硒AJAX动态分页基地蜘蛛 [英] selenium ajax dynamic pagination base spider
问题描述
我试图运行我的基地蜘蛛动态分页,但我没有得到成功抓取。我已经使用硒AJAX动态分页。我使用的网址是: http://www.demo.com 。这是我的code:
I am trying to run my Base spider for dynamic pagination but I am not getting success in crawling.

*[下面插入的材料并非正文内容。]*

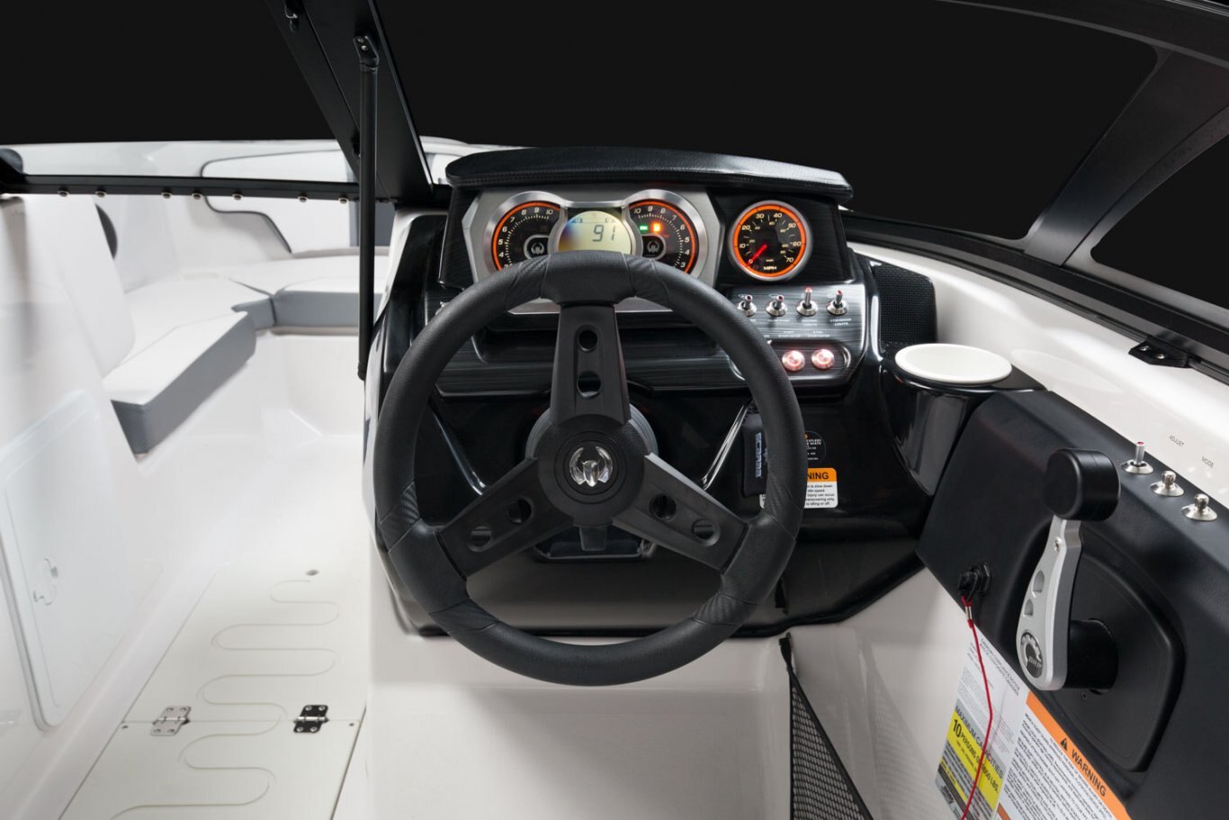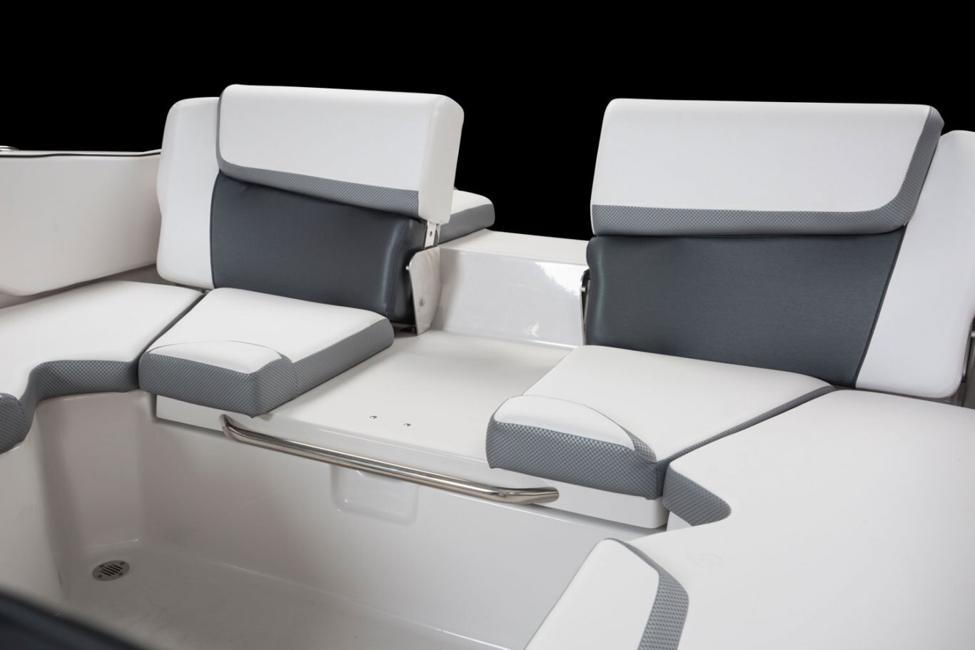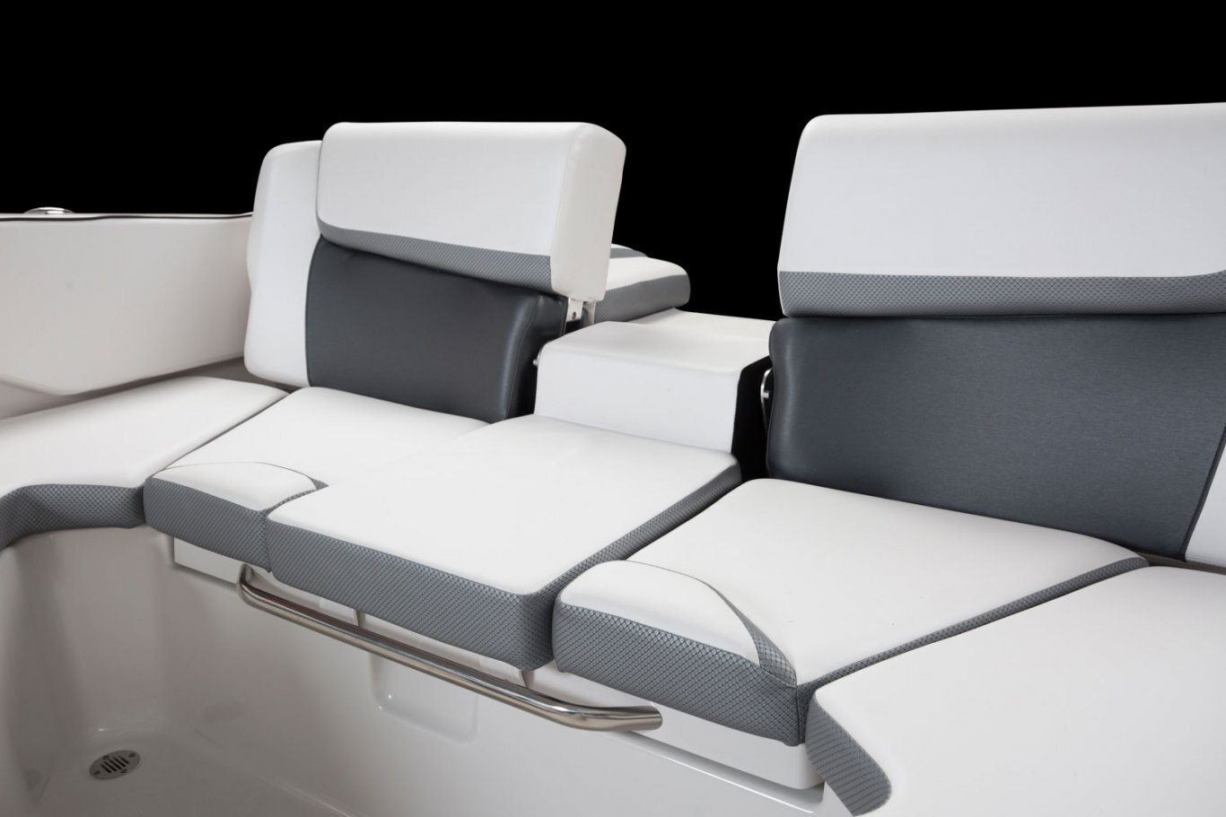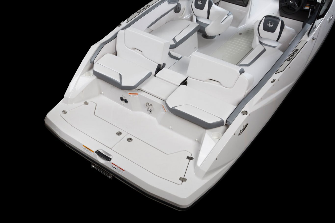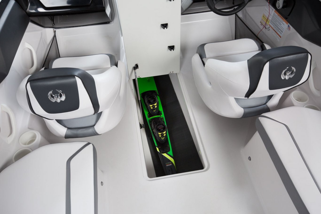 With Twin Rotax® jet engines at your disposal and a standard Bimini top, the 215 G is ready for the party. Deep storage compartments and plush notched seating will keep the interior clear and your crew in high spirits for day after day of Scarab fun. LOA / 21' Persons Capacity / 10 people Fuel Capacity / 41 gal |
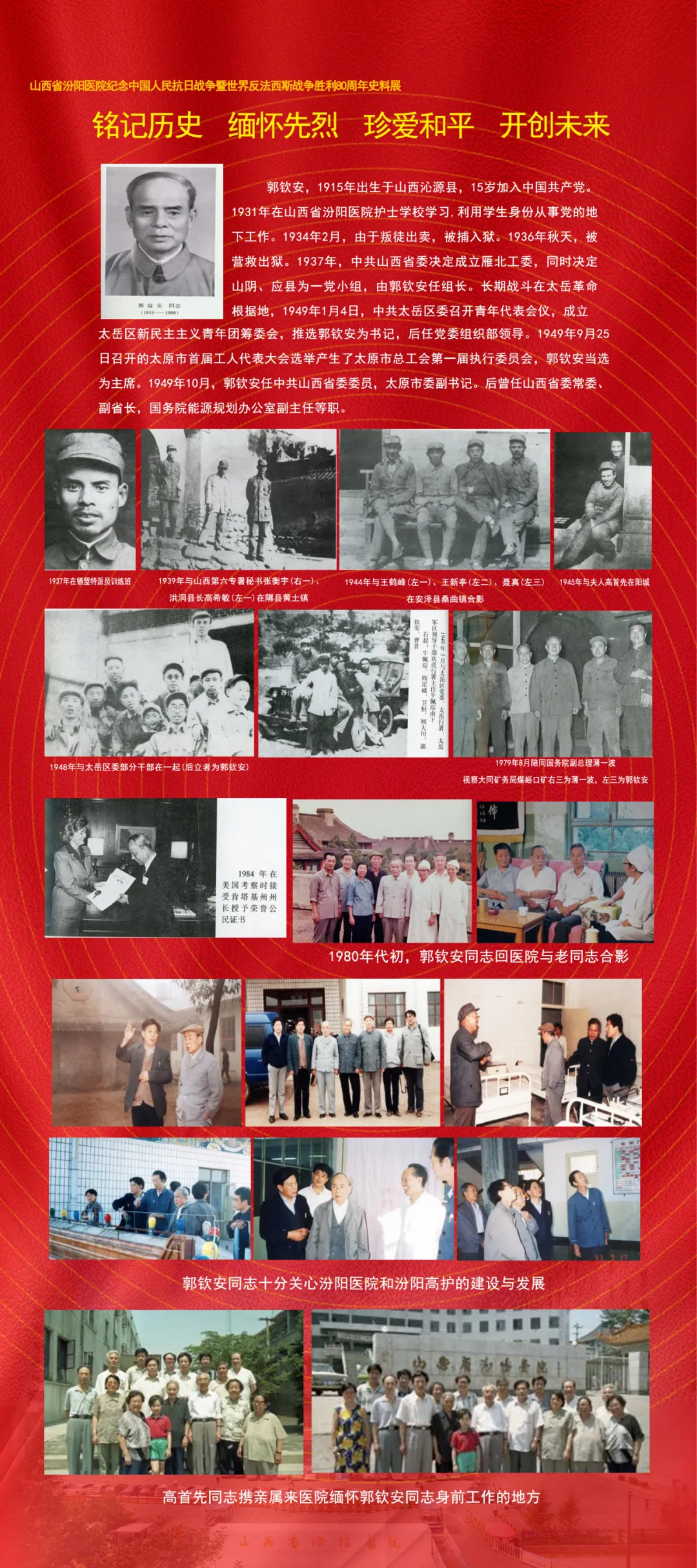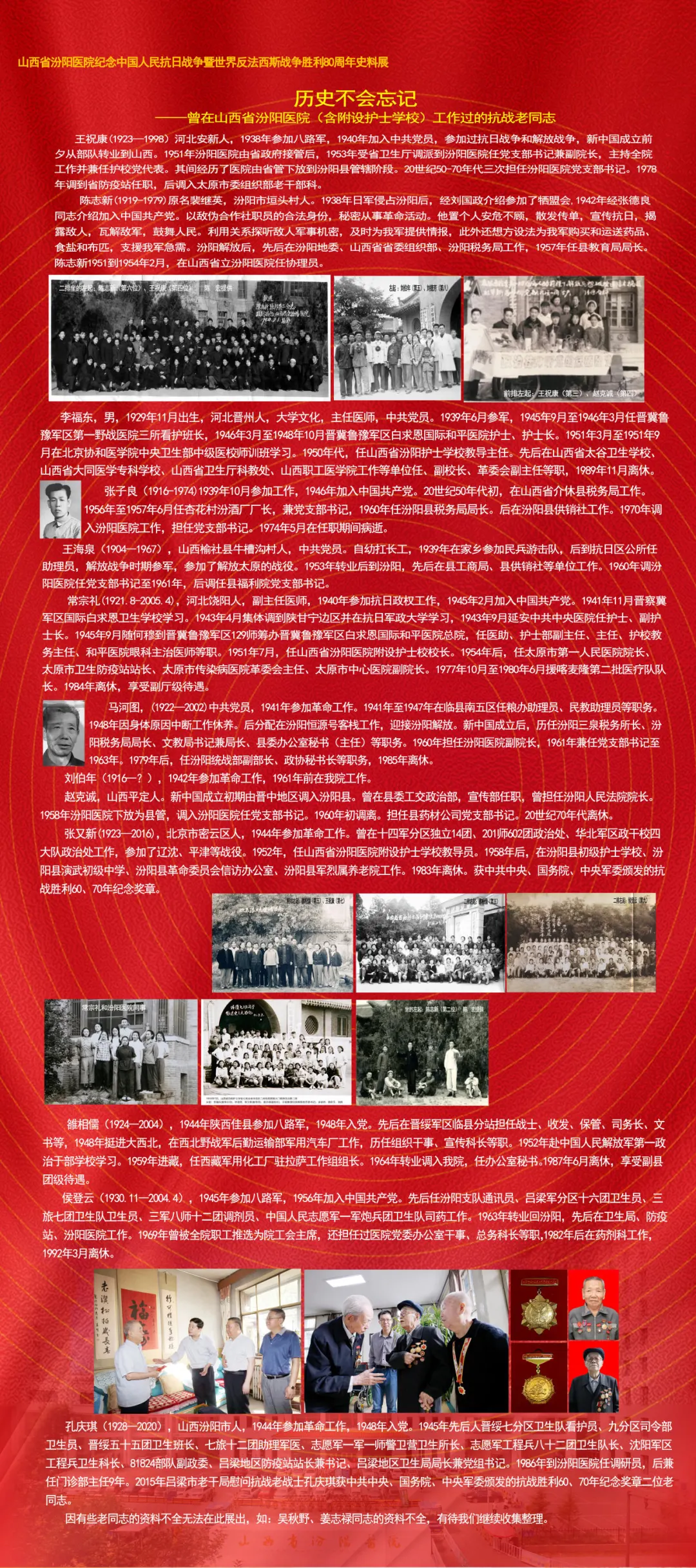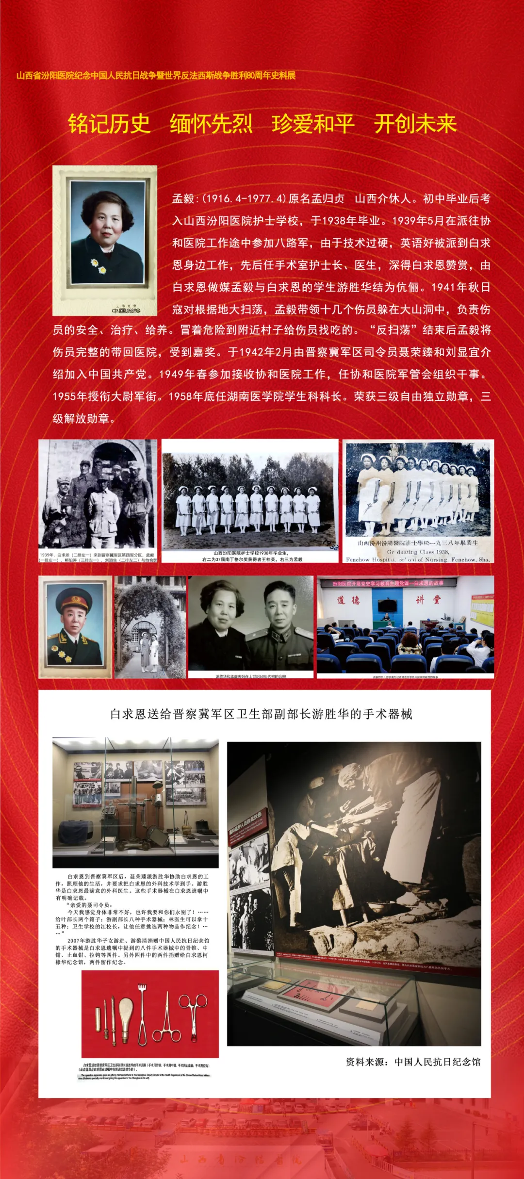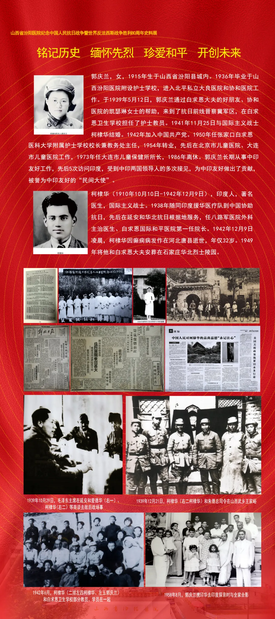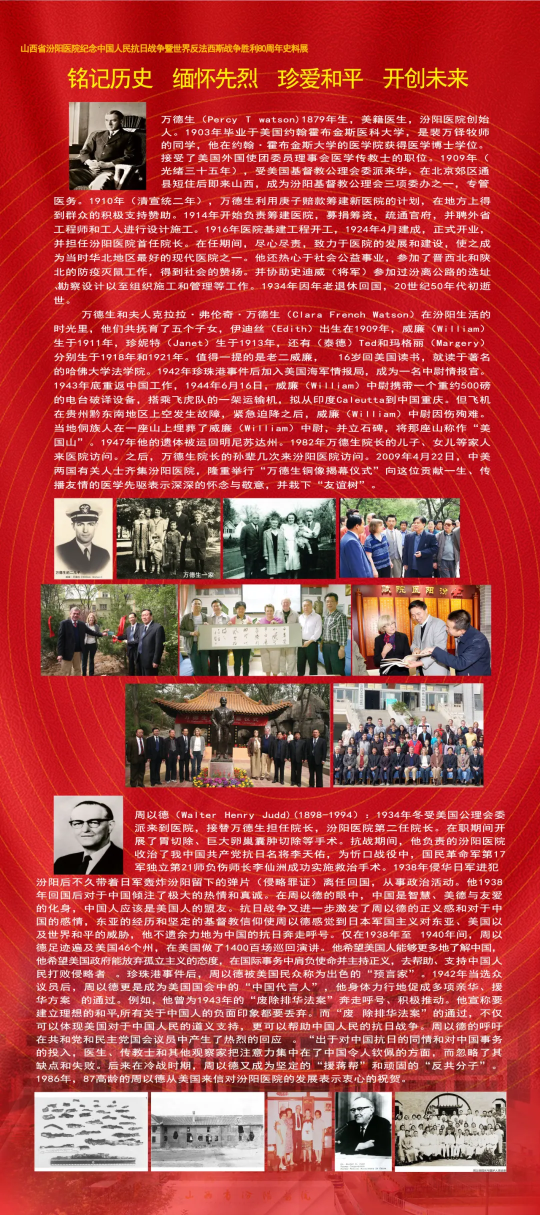 展版介绍了汾阳医院附设护士学校毕业学生郭钦安、郭庆兰、孟毅、白备武以及院长周以德、支援中国抗日的美军情报官威廉·毕德森中尉(万德生院长的二儿子)等抗战英雄的生平与光辉事迹,再现了他们舍生忘死、浴血奋战的壮烈历程。

I have used selenium ajax dynamic pagination. the url I am using is: http://www.demo.com. Here is my code:
# -*- coding: utf-8 -*-
import scrapy
import re
from scrapy.contrib.linkextractors.sgml import SgmlLinkExtractor
from scrapy.selector import Selector
from scrapy.spider import BaseSpider
from demo.items import demoItem
from selenium import webdriver
def removeUnicodes(strData):
if(strData):
#strData = strData.decode('unicode_escape').encode('ascii','ignore')
strData = strData.encode('utf-8').strip()
strData = re.sub(r'[\n\r\t]',r' ',strData.strip())
#print 'Output:',strData
return strData
class demoSpider(scrapy.Spider):
name = "demourls"
allowed_domains = ["demo.com"]
start_urls = ['http://www.demo.com']
def __init__(self):
self.driver = webdriver.Firefox()
def parse(self, response):
print "*****************************************************"
self.driver.get(response.url)
print response.url
print "______________________________"
hxs = Selector(response)
item = sumItem()
finalurls = []
while True:
next = self.driver.find_element_by_xpath('//div[@class="showMoreCars hide"]/a')
try:
next.click()
# get the data and write it to scrapy items
item['pageurl'] = response.url
item['title'] = removeUnicodes(hxs.xpath('.//h1[@class="page-heading"]/text()').extract()[0])
urls = hxs.xpath('.//a[@id="linkToDetails"]/@href').extract()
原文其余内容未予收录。